• [Exercise instructions] Pick every line out of the entries below that has the string "clocher", and copy it.

Dataset items
• • • • • • •

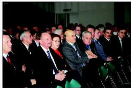
Odwiedziło nas wielu znamienitych gości
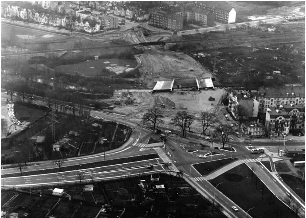
Luftaufnahme des Ausbaus Alsterkrugchausee/Deelböge. Die Blickrichtung geht nach Eppendorf, vorne rechts biegt die Borsteler Chaussee ab.
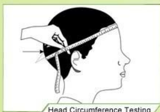
Head Circumference Testing
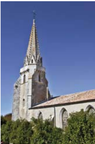
Montée au clocher

Montée au clocher (toutes les 30 mn) : sam et dim 14h30-17h30 ; visite libre de « La Souillarde » (40-42 rue de la République) : sam et dim 15h-18h (G)
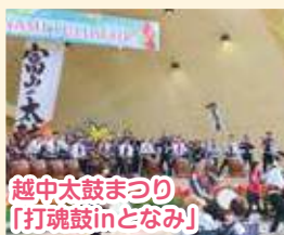
越中太鼓まつり [打魂鼓inとなみ]
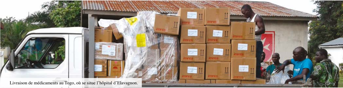
Livraison de médicaments au Togo, où se situe l'hôpital d'Elavagnon.

Notre agrément national de sécurité civile est renouvelé tous les trois ans par le ministère de l'Intérieur. Il est la marque des compétences techniques et humaines de notre association et de sa capacité à traduire les besoins opérationnels sur le terrain avec efficacité, l'inscrivant ainsi dans la chaîne nationale des secours d'urgence. Dans ce cadre, et parce que nous veillons à assurer toujours mieux nos missions, nos besoins techniques et matériels (véhicules, défibrillateurs, brancards...) sont de plus en plus importants et nécessitent des investissements financiers réguliers, car notre action s'inscrit dans la durée. ■
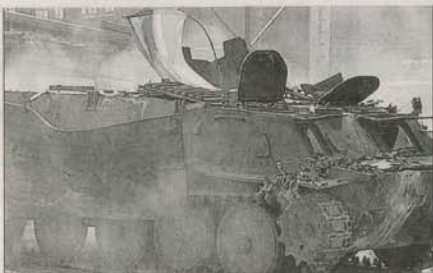
Un tanque prorruso capturado por integrantes del ejército ucraniano en la región de Lugansk, este del país

En tanto, en Ucrania los combates continuaron dominando el este del país. En Gorlivka, a 35 km de Donetsk, donde el ejército busca presionar a los rebeldes para cercarlos en los centros urbanos de sus bastiones, los combates dejaron al menos 31 muertos y 43 heridos, según informó la agencia rusa Interfax.
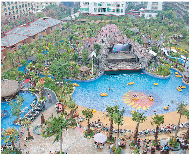
丰顺县“温泉游”日渐红火

羊城晚报讯 记者赵映光、通讯员胡金辉摄影报道：根据中央气象台预测，实力不凡的“冷空气”正在大举南下，元旦假期广东全省或将迎来最低只有6℃的湿冷天气。“湿冷模式”下，人们外出旅游的欲望必将大打折扣，但可以预见的是，“泡温泉”绝对会是一个例外，而有着“中国温泉之城”美誉的梅州市丰顺县，也必将是粤东地区市民出行“泡汤”的热门之选。
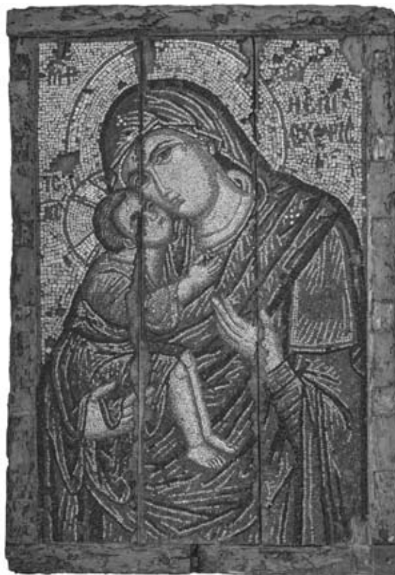
Фото 4. Мозаичная икона «Богоматерь Эпискепис». Византия, Константинополь. Конец XIII в. Византийский и Христианский музей в Афинах.

Одна из стен Николаевского зала на всю его длину – более 66 метров, – была занята витринами с Палеологовскими иконами XIV - середины XV века. Взглядом можно было охватить этот удивительный ряд крупных и маленьких, ярких и сдержанно-аскетичных образов. Одни
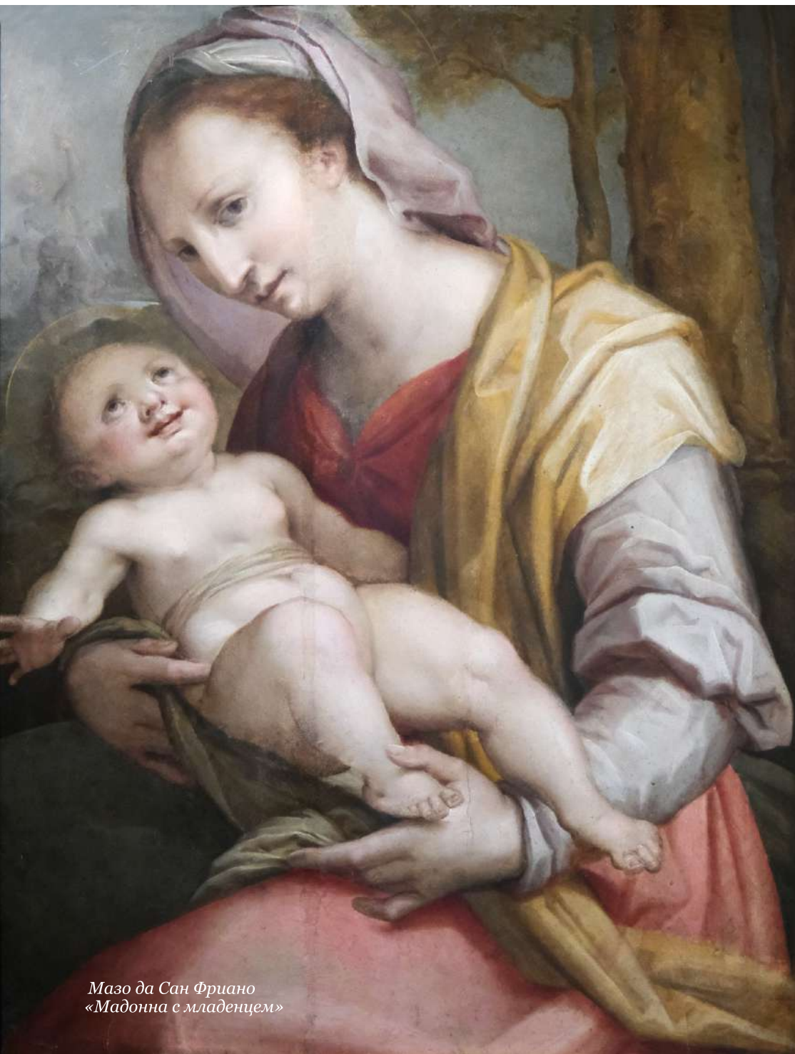
Мазо да Сан Фриано «Мадонна с младенцем»
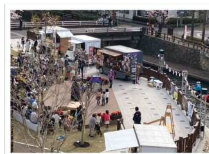
大垣市かわまちテラス（岐阜県大垣市）

例：関係機関への許認可申請のサポート 都市・地域再生等利用区域の指定 河川敷の占用申請・許可
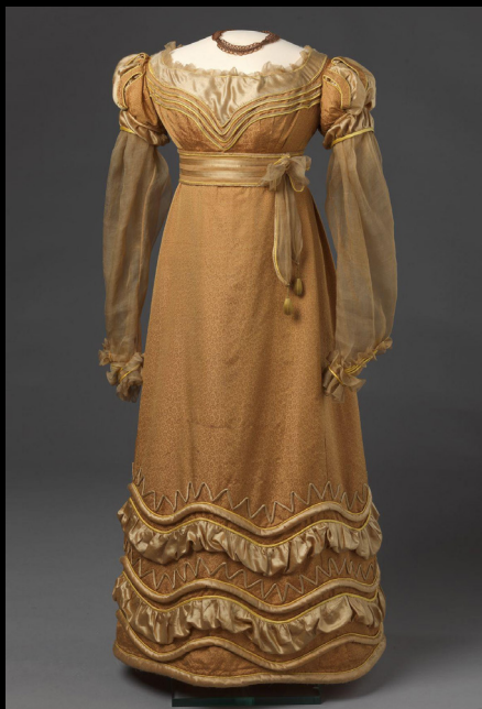
Vestido de seda, com decoração aplicada e ganchos de metal, 1825.

https://www.nasjonal museet.no/en/collection/object/OK-12061
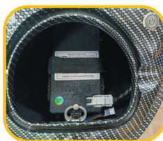
2. Подключите кабель к разъему аккумулятора
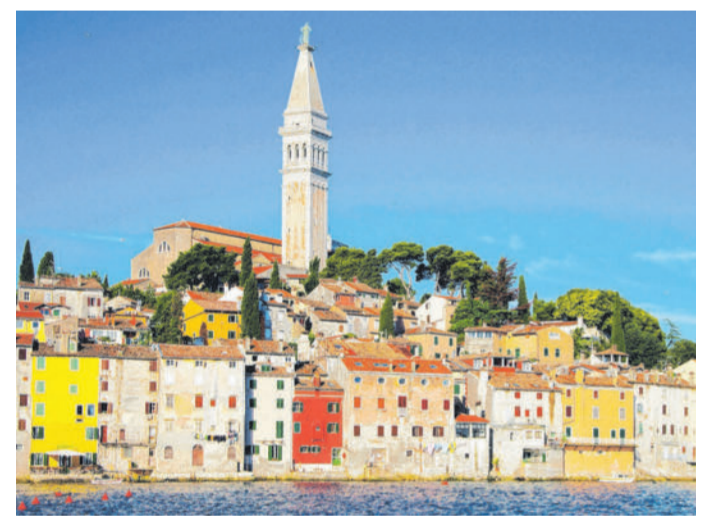
In Istrien finden sich nicht nur schöne Städte wie Rovinj, es ist dort auch besonders günstig für Österreicher.

des bevorstehenden EU-Austritts des Landes nochmals mehr als 2016, weil das Pfund weiter nachgab, 100 Urlaubs-Euro sind dort momentan 113 Euro wert, vor einem Jahr waren es 105. Die teuerste Urlaubsdestination blieb die Schweiz, dort schmelzen 100 Urlaubs-Euros so wie vor einem Jahr auf 62 Euro zusammen. In der Türkei und Ungarn dagegen ist ein mitgebrachter Hunderter 172 bzw. 170 Euro wert.
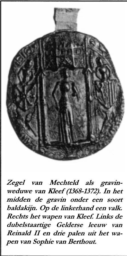
Zegel van Mechteld als gravin-weduwe van Kleef (1368-1372). In het midden de gravin onder een soort baldakijn. Op de linkerhand een valk. Rechts het wapen van Kleef. Links de dubelstaartige Gelderse leeuw van Reinald II en drie palen uit het wapen van Sophie van Berthout.

de slag bij Baesweiler nog steeds in Gulikse gevangenschap. (Maria van Brabant was al op 1 juli 1347 overleden.) Mechteld was voor de tweede keer weduwe na de dood van Johan van Kleef op 19 oktober 1368. Zijn opvolger, Adolf I, kleinzoon in vrouwelijke lijn van Derik VIII en Maria van Gelder, stond welwillend tegenover de ambities van zijn tante. Arent van Hoorn, bisschop van Utrecht en oom van Johan van Kleef beloofde in januari 1372 al dat hij der edelen hoechgeboern vrouwe, vrouwe Mech-
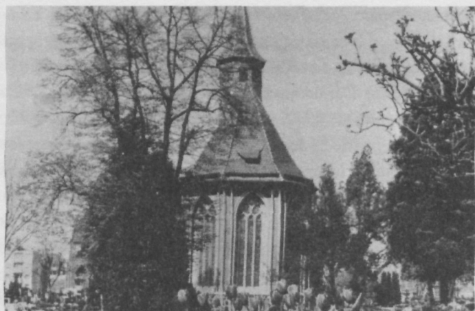
St. Johanniskirche (1377) auf dem St. Johannisfriedhof
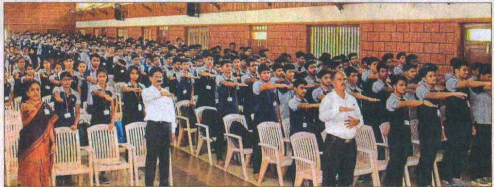
ಮಂಗಳೂರಿನ ಸಹ್ಯಾದ್ರಿ ಕಾಲೇಜಿನ ವಿದ್ಯಾರ್ಥಿಗಳು ಬುಧವಾರ ಮತದಾನದ ಪ್ರತಿಜ್ಞೆ ಸ್ವೀಕರಿಸಿದರು.

ಎಲೆಕ್ಟ್ರಾನಿಕ್ ಮತದಾನ ಯಂತ್ರ (ಇವಿಎಂ) ಮತ್ತು ಚುನಾವಣೆಗೆ ಸ್ಪರ್ಧಿಸುವ ಅಭ್ಯರ್ಥಿಗಳ ಬಗ್ಗೆ ತಪ್ಪು ಇಲ್ಲದೇ ಇರುವಾಗ ಮತದಾರರಿಗೆ
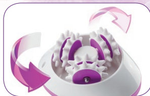
3 x 2 rotierende Massagerollen
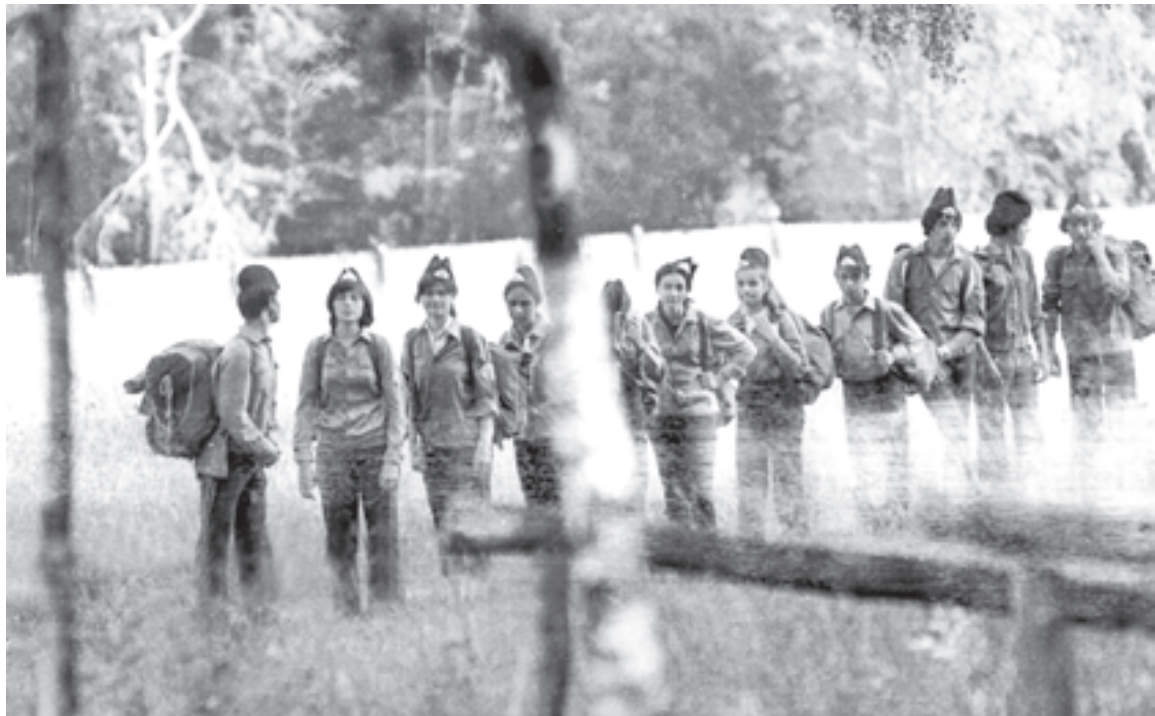
Строй коммунаров 60-х годов
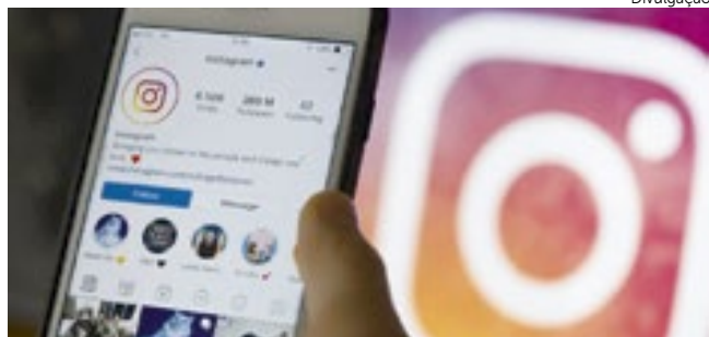
Projeto visa orientar alunos sobre o uso seguro de redes sociais.
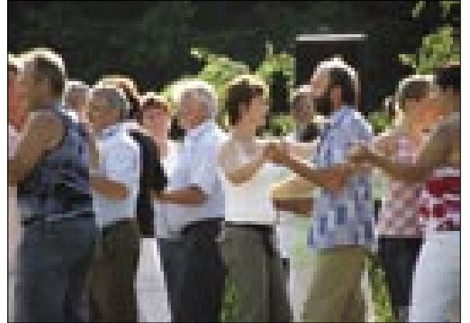
Steri radi plešejo, tistim se je nej štelo, če sunce sije

gda sam na oder pogledno. »Njegovoga vraga, vejpa nejmamo reflektora, ka bi na oder svejto,« si zdenem.
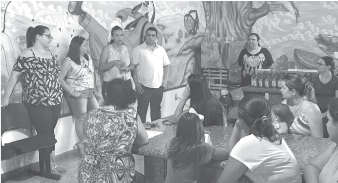
Coordenadoria de Saúde fez a distribuição de repelentes aos alunos matriculados na rede municipal de ensino

Além dessas orientações, a Coordenadoria de Saúde fez a distribuição de repelentes aos alunos
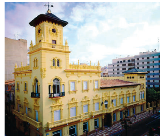
Edificio Casino Antiguo Castellón.
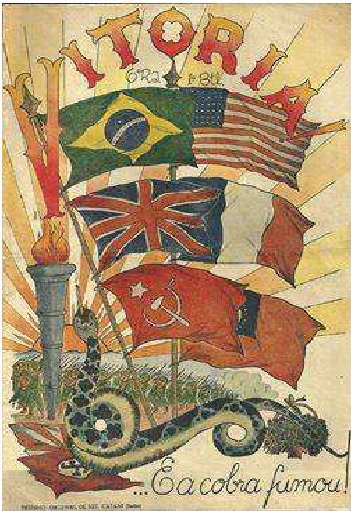
Figura 15 — O panteão do Brasil aparece junto às bandeiras das cinco potências da Pentarquia Global.

• • • • • • •

• [Response below]
Montée au clocher
Montée au clocher (toutes les 30 mn) : sam et dim 14h30-17h30 ; visite libre de « La Souillarde » (40-42 rue de la République) : sam et dim 15h-18h (G)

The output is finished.